Since the fish died so fast and is having frayed tail, it could be Columnaris (bacteria) infection especially for Guppies(live bearer).
This disease will kill very fast and you have to treat it as soon as possible.

Use API Furan-2 (Nitrofurazone) and Seachem Kanaplex (Kanamycin). These are anti-biotics.
Wear gloves whenever you use any medications.

Treat the whole tank for 7-10days.
Any net or anything that is in touch with the water of the tank need to be sterilized with hot water or bleach.

Also, slowly reduce your water temperature to about 23C as bacteria grow faster in warm water.

But most importantly, you have to use the medications as cooler water won't kill them. It only slower their activity.

Take note that the antiobiotics will also kill of your beneficial bacteria.
So, your tank filter will need to restart again.
Get some live bacteria such as API Quick Start, Tetra SafeStart, etc after the treatment to boost the beneficial bacteria in your filters.

Lastly, as Gary mentioned above remember to quarantine all your new fish to avoid the disease from being spread to other fish.


Here are more details information.

 
Last edited:
I looks like the fish have a couple of diseases. The face/ head is inflamed and there is a bit of white on the top lip, which would indicate mouth fungus (Columnaris). The white stuff on the tail is interesting.

Not sure if you will be able to get antibiotics but see what the local pet shop has. And add some salt asap.

-------------------
SALT
You can add rock salt (often sold as aquarium salt) or swimming pool salt, or any non iodised salt to the aquarium at the dose rate of 2 heaped tablespoons of salt per 20 litres.

Keep the salt level like this for at least 2 weeks but no longer than 4 weeks otherwise kidney damage can occur. Kidney damage is more likely to occur in fish from soft water (tetras, Corydoras, angelfish, Bettas & gouramis, loaches) that are exposed to high levels of salt for an extended period of time, and is not an issue with livebearers, rainbowfish or other salt tolerant species.

The salt will not affect the beneficial filter bacteria, fish, plants, shrimp or snails.

After you use salt and the fish have recovered, you do a 10% water change each day for a week using only fresh water that has been dechlorinated. Then do a 20% water change each day for a week. Then you can do bigger water changes after that. This dilutes the salt out of the tank slowly so it doesn't harm the fish.

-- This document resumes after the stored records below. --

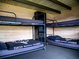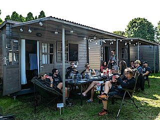 Go all out with a Blockhütte! Designed for four people with two bunk beds, it measures approx. 3.80 meters long and 2.80 meters wide. Your private festival retreat offers plenty of comfort and extras.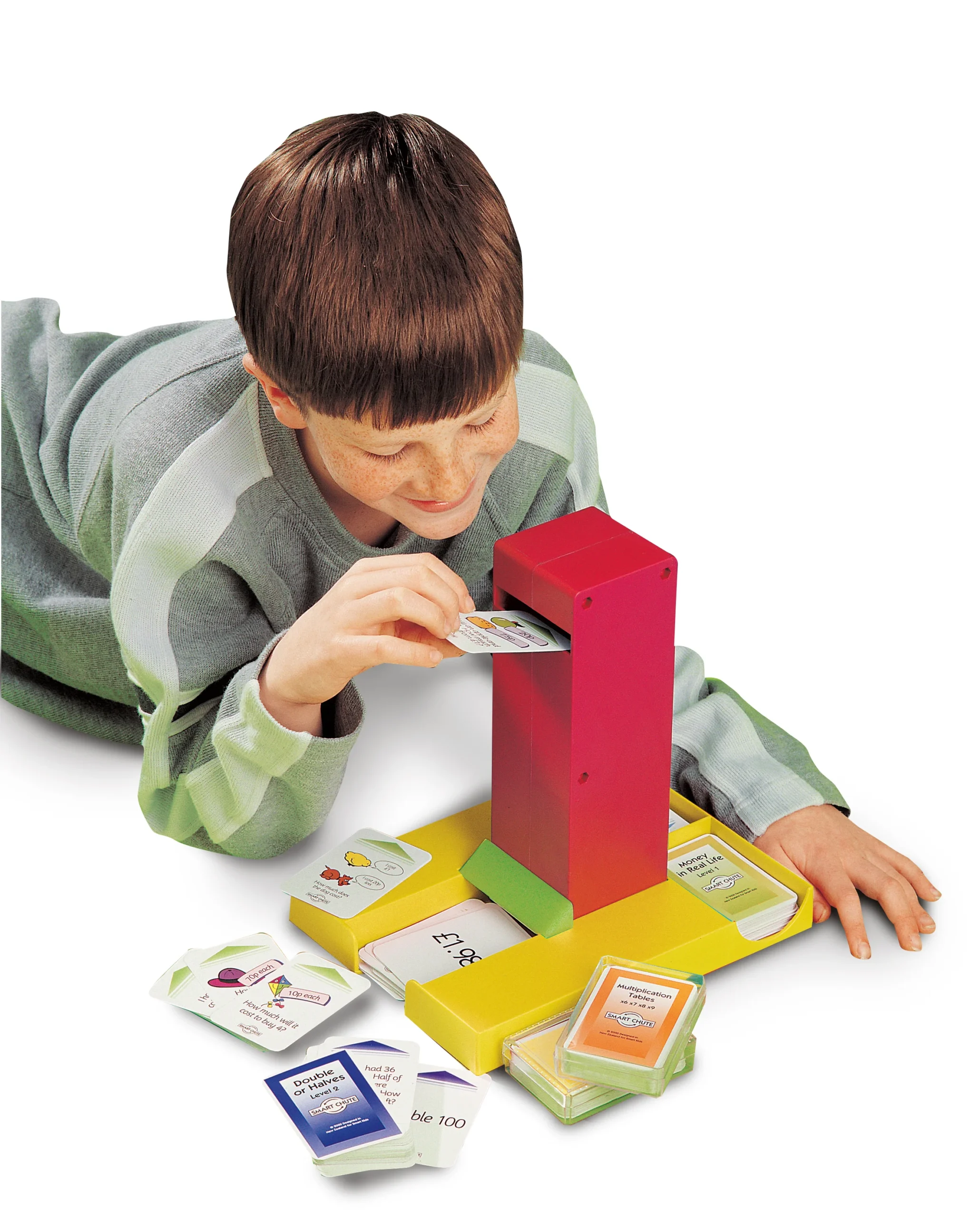 Nehmen Sie eine Karte, sagen Sie die Antwort, bevor Sie die Karte in den oberen Schlitz schieben und die richtige Antwort kommt unten heraus.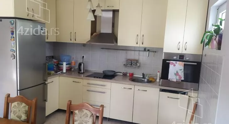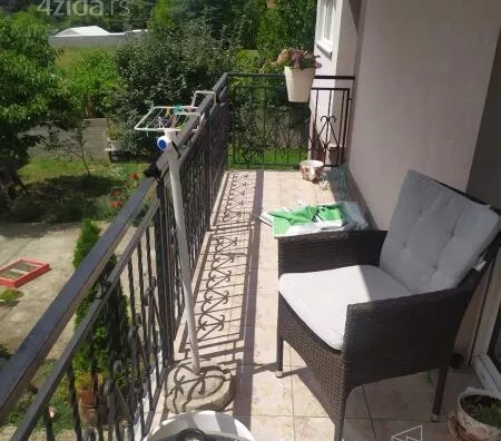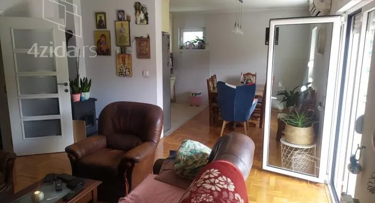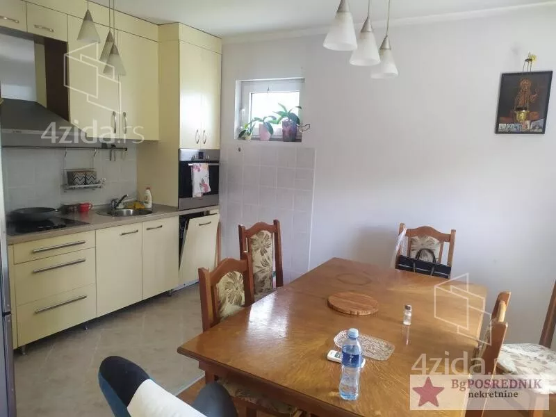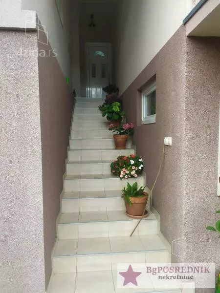 Sastoji se od dva identična trosobna stana na vpr i prvom spratu, u prizemlju (suteren) je 1.5 stan od 40m2, dve garaže, kotlarnica, ostava, pušnica, tri terase od kojih je jedna velika 30m2 i zastakljena je.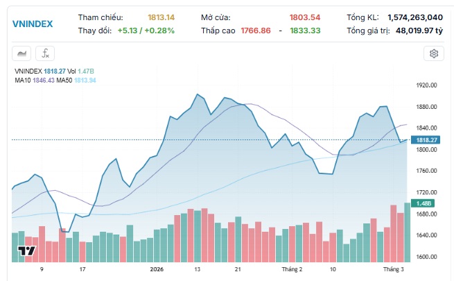 Phiên giao dịch ngày 04/03/2026, VN-Index đóng cửa ở mức 1,818.27 điểm, tăng 5.13 điểm ( 0.28%).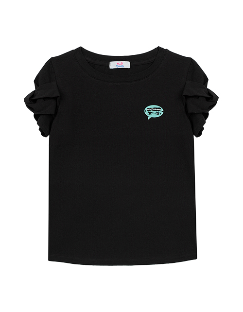 Стильная футболка из мягкой ткани гармонично сочетает в себе безупречный вкус и комфорт. Необычная конструкция рукавов придаёт изделию новизну и актуальность, забавный значок завершает образ и наполняет его индивидуальностью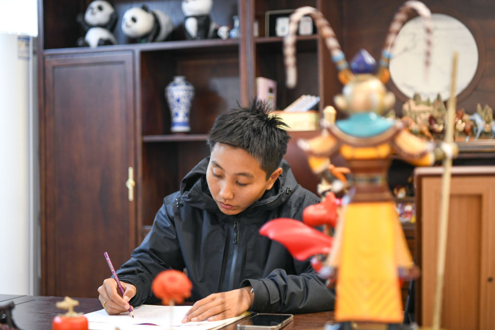 邱玥在工作室為下一個燈會項目進行設計(1月27日攝)。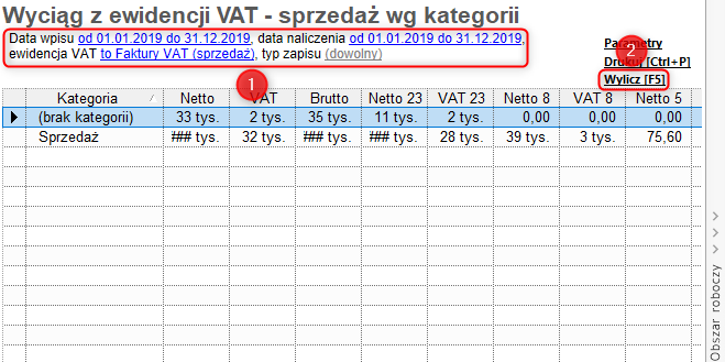 W celu wyliczenia w programie Rewizor GT zestawienia prezentującego zapisy z ewidencji VAT sprzedaży z podziałem na stawki VAT pogrupowane według kategorii należy: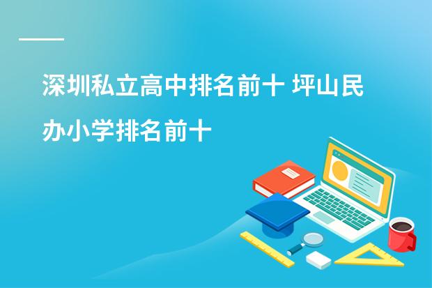 坪山民办小学排名前十的学校有:深圳市百合外国语学校、深圳中英公学、深圳外国语学校东海附属小学、深圳明珠中英文小学、坪山新区龙山学校、光明新区公明中英文学校、深圳实验承翰学校、深圳市富源学校、深圳瑞得福国际学校、深圳城市绿洲学校。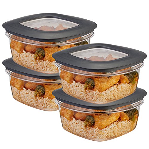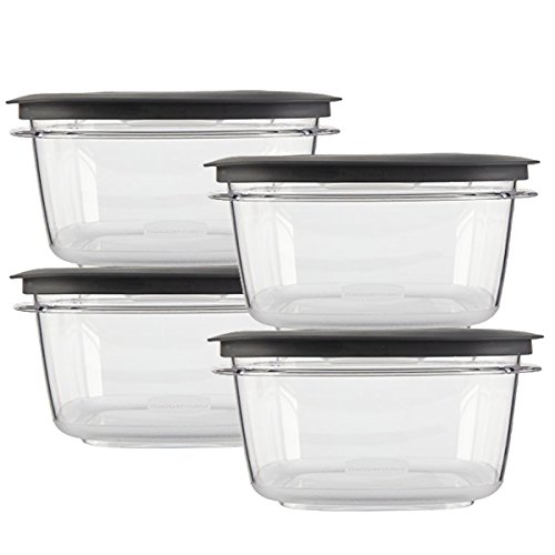 - (1) 8pc Rubbermaid Premier 5-Cup Food Storage Container Set (4 Lids, 4 Bases), Model 1961987, Clear With Gray Lids, New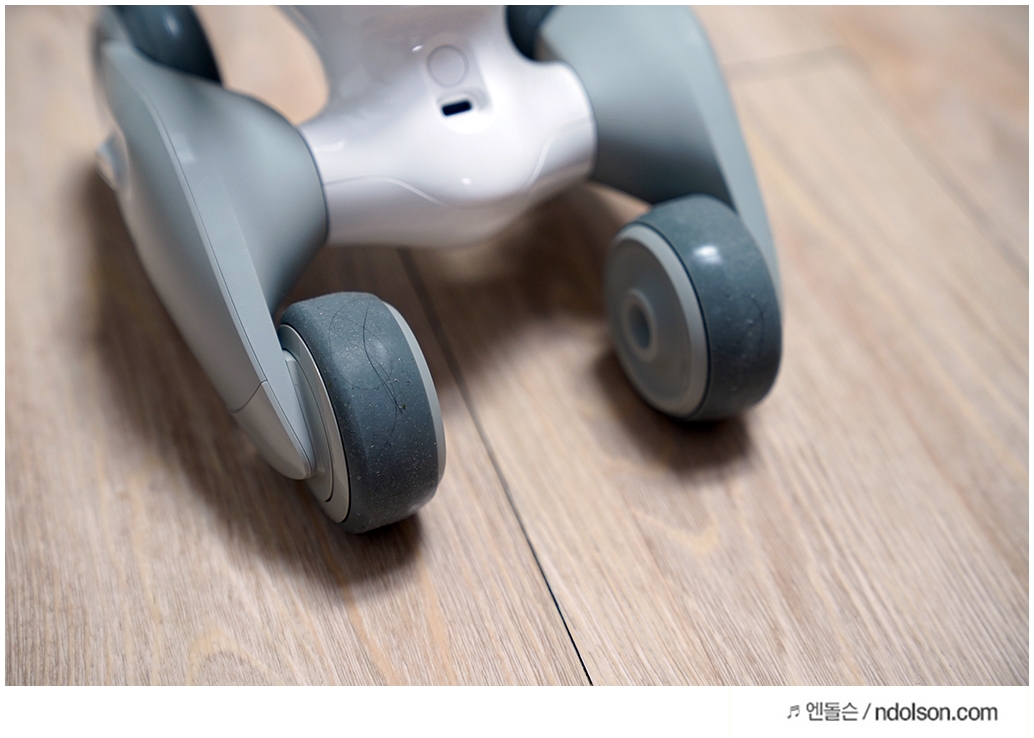 뒷바퀴가 구동축입니다. 고무재질이라 청소가 안된 거실에서는 온갖 머리카락을 가져와서 떼어 주어야 합니다.
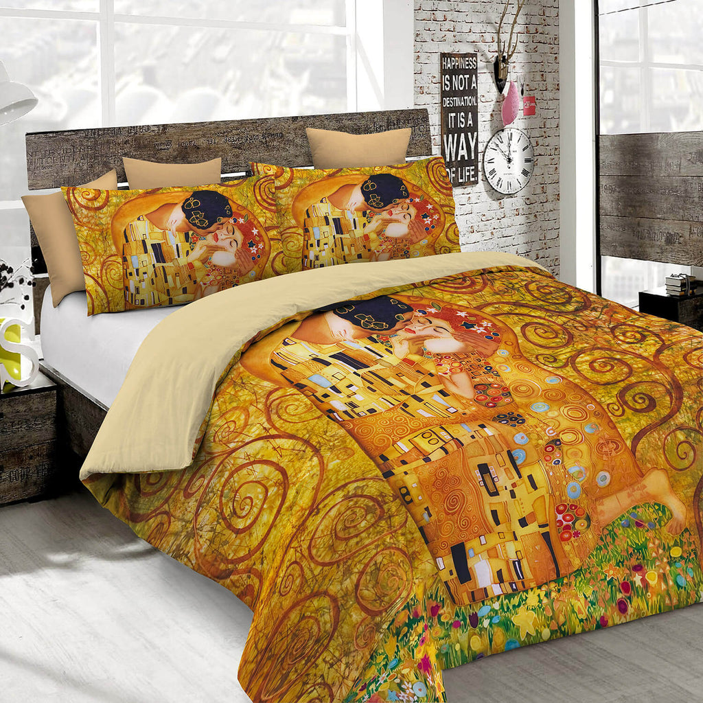 Parure copripiumino Arte con stampa digitale a copertura totale. Articolo provvisto di sacco copripiumino e federe in microfibra con colori brillanti e solidi ai lavaggi. Prodotto Made in Italy.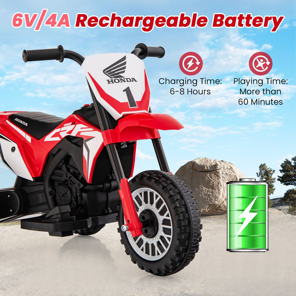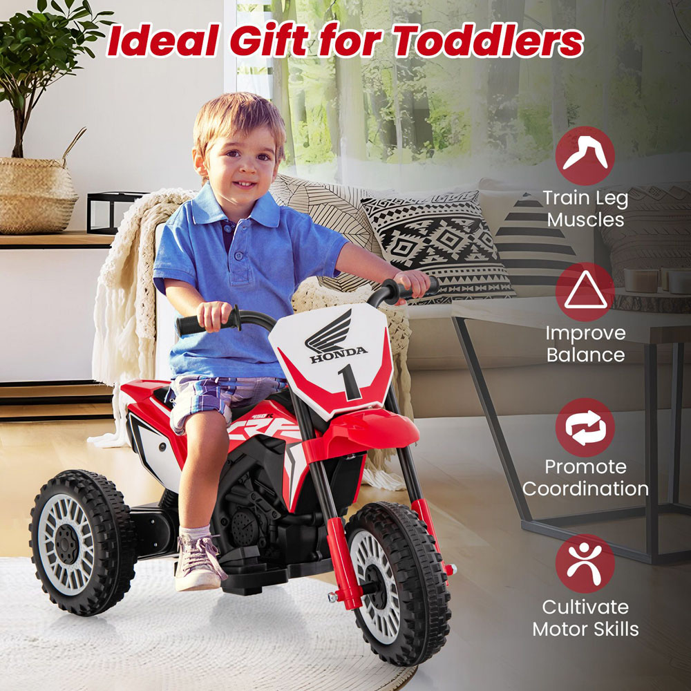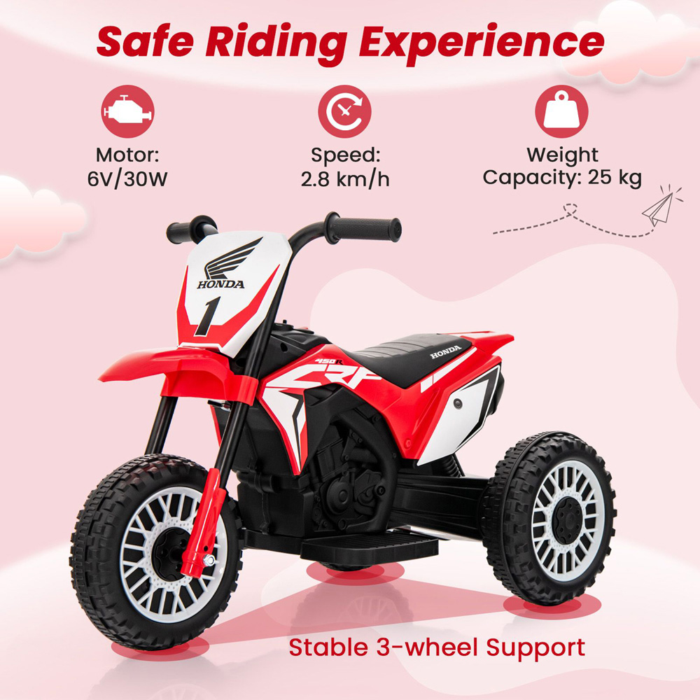Ignite your little one's adventurous spirit with the Costway Kids Red Honda Licensed Ride On Motorbike. This authentic children's motorbike captures the essence of a real motorcycle with its cool fender, exquisite patterns, and realistic horn button, making every ride thrilling. It's designed for simplicity and fun, featuring an easy-to-operate power switch and foot pedal for exhilarating acceleration. Safety and comfort are paramount, with anti-slip handlebars and a smooth, burr-free seat ensuring a steady and enjoyable journey. The three-wheel structure with wide, textured tyres provides exceptional balance and stability on various surfaces, from cement to boardwalks. Perfect for children aged 18 to 36 months, this motorbike promises over an hour of driving fun with a safe speed of 2.8km/h, thanks to its built-in 30W motor and rechargeable battery.

If you do water changes while using salt, you need to treat the new water with salt before adding it to the tank. This will keep the salt level stable in the tank and minimise stress on the fish.

When you first add salt, add the salt to a small bucket of tank water and dissolve the salt. Then slowly pour the salt water into the tank near the filter outlet. Add the salt over a couple of minutes.